There are science cases for large cutouts, though: some streaking Near-Earth Asteroids can be as long as 0.5 degrees in 30 second exposures…

We’re continuing to test and improve the cutout generation; your feedback on what will be the most useful for your goals will be helpful.

Hi @ebellm,

Thanks for the detailed explanations!

I did not realize the constraints from the DPDD on the cutout size is a “no smaller than” rather than a fixed size. For reference, I plotted the distribution of cutout sizes in pixels, with some typical cutouts highlighted (from latest_single_visit_sample.avro):

Untitled.0011920×1080 360 KB

while the mean (45pix) is around the smallest size (30pix), one has a long tail with large alert packets. I’ll continue to explore the data and send feedback.

FITS header compression has been discussed in the past both by the FPACK authors (Pence, White, & Seaman) and by the FITS technical working group. The default FPACK Rice compression outperforms gzip in compression ratio and speed for both lossless and lossy regimes applied to the pixels. It has always been recognized that use cases involving numerous small cutouts could benefit most from a native FITS header compression convention, otherwise the readable headers are a desirable feature. (A review of what FITS keywords are required might be the most efficient way to reduce the size of the header.)

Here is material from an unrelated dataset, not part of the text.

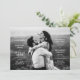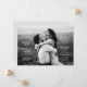Invite your guests to celebrate with you on the big day and show off that amazing engagement photograph all at once with this horizontal landscape layout wedding invitation. White text stands out against lighter photographs but can be changed to black using the customizer. A simple backer of the colour of your choice rounds out the clean and elegant look of this invitation.

Compression should be viewed in a larger context than just storage space (see links from https://heasarc.gsfc.nasa.gov/fitsio/fpack/). Speed issues, both of compression / decompression, and for alerts of a multi-hop network transport timing budget, are at least as important. Indeed, remaining uncompressed is often an attractive option operationally, for instance if these cutouts will be repeatedly processed by brokers. If some fraction of the cutouts are significantly larger than the rest, they might be FITS tile-compressed leaving the rest uncompressed. That way all cutouts remain conforming FITS and libraries like CFITSIO can access the tiles efficiently.

If header compression remains of interest, there are a couple of basic options (with variations under the hood): 1) a legal FITS file can already be constructed by transforming the header keywords into a bintable and FPACK-compressing the table, and 2) it would be relatively trivial to gzip the fz-annotated header records concatenated with the Rice-compressed data records. Note the economies of scale from aggregating MEF headers into a single bintable.

LSST could also raise the issue of a header compression convention at the FITS BoF at the upcoming ADASS (or rather, raise the issue now and resolve it then). If higher compression ratios are required, one of these options combined with aggressive lossy FPACK compression could likely realize 10:1 or better ratios. The fundamental tradeoffs are in juggling both low-entropy headers and high-entropy pixels using the same toolkit.

Thanks, @RobSeaman–these are very useful suggestions!